What is needed: The reply must contain exactly the lines below from the one with "qián bèi | |" down to the one with "NATURE COLLECTION ...", both included, and nothing more; please omit the pictures.

Raw data:
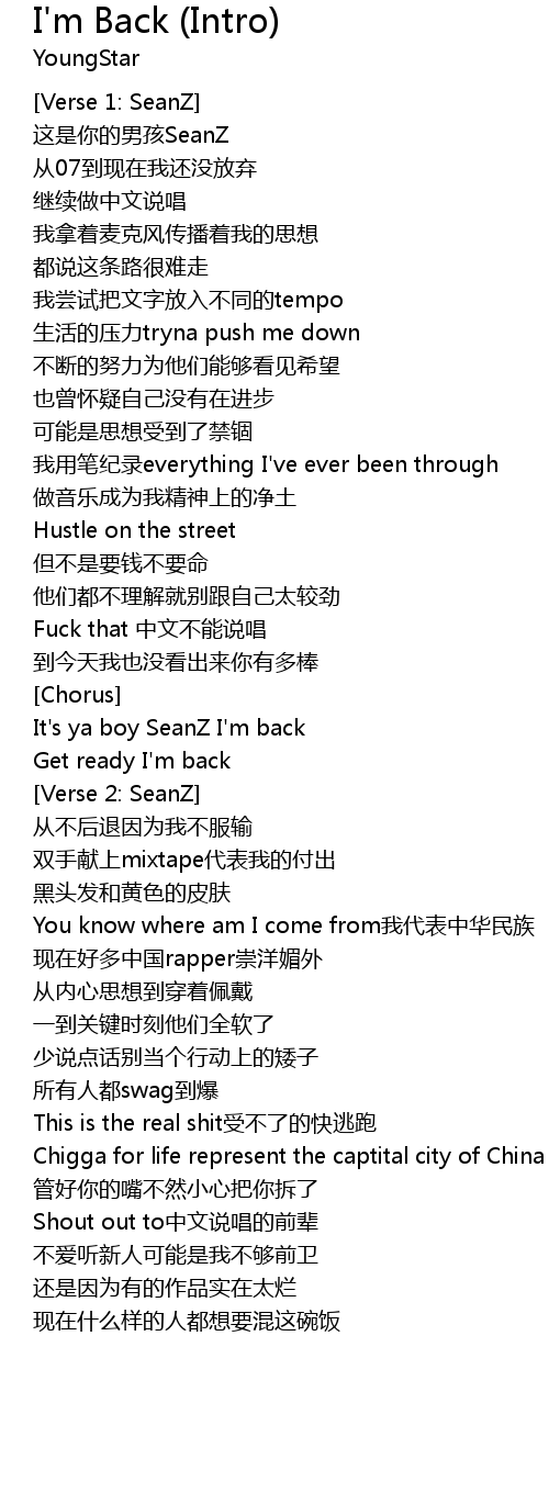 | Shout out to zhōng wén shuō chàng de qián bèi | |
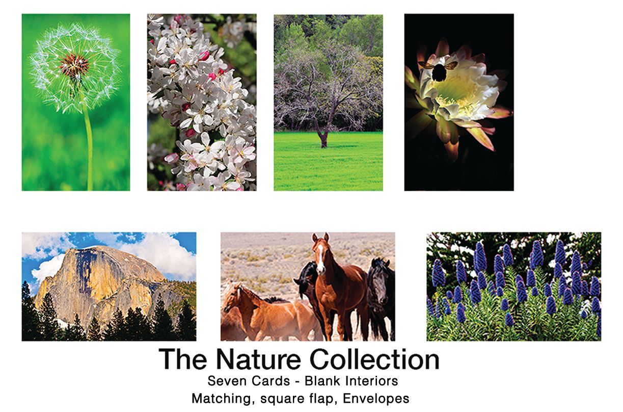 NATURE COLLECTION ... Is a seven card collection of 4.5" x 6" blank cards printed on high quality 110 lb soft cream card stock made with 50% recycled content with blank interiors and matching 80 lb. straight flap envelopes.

--

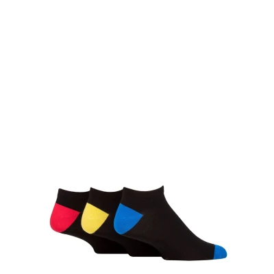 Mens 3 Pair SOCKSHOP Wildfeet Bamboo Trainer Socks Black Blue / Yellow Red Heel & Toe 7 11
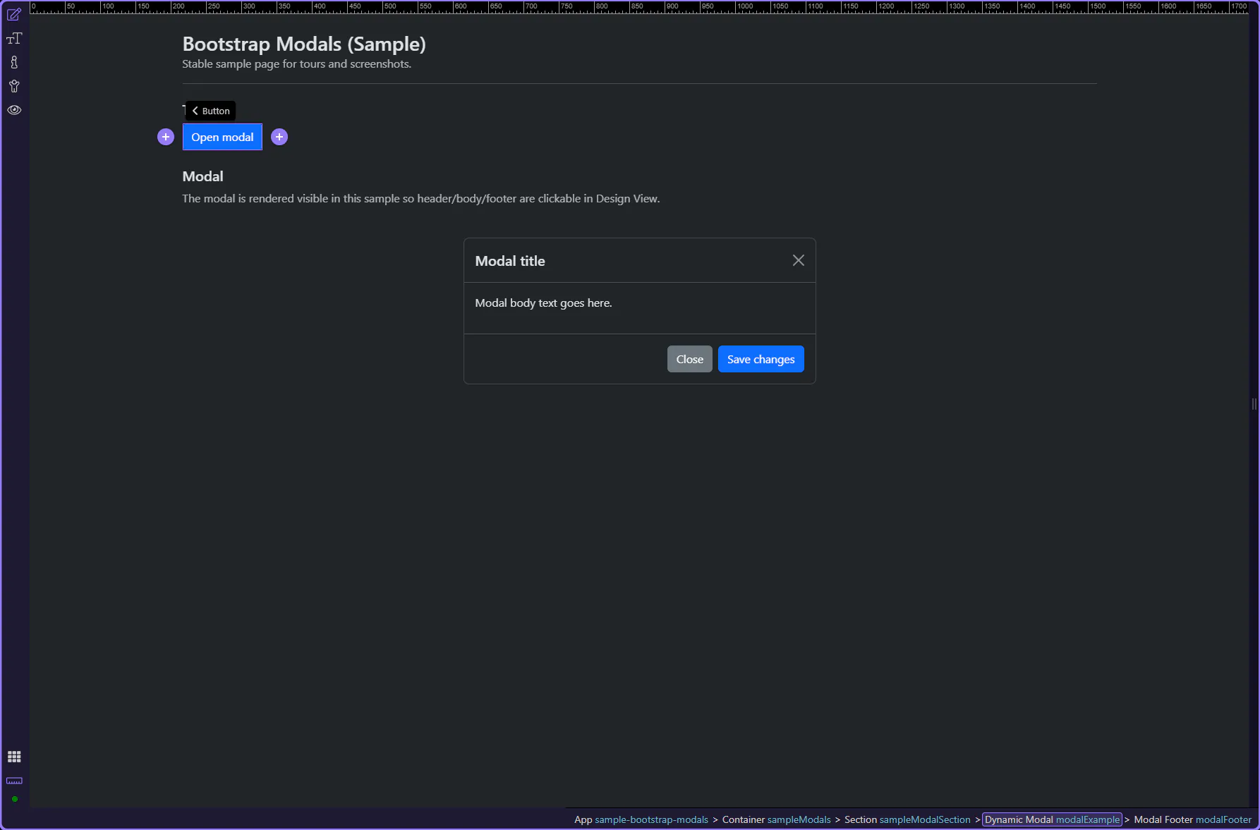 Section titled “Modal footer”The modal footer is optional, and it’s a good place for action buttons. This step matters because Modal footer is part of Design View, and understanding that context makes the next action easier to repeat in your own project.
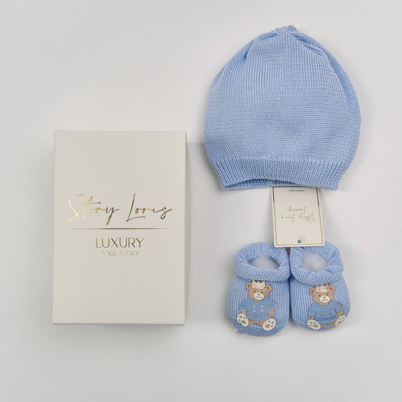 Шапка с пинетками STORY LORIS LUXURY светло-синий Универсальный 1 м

Task answer:
 | Shout out to zhōng wén shuō chàng de qián bèi | |
 NATURE COLLECTION ... Is a seven card collection of 4.5" x 6" blank cards printed on high quality 110 lb soft cream card stock made with 50% recycled content with blank interiors and matching 80 lb. straight flap envelopes.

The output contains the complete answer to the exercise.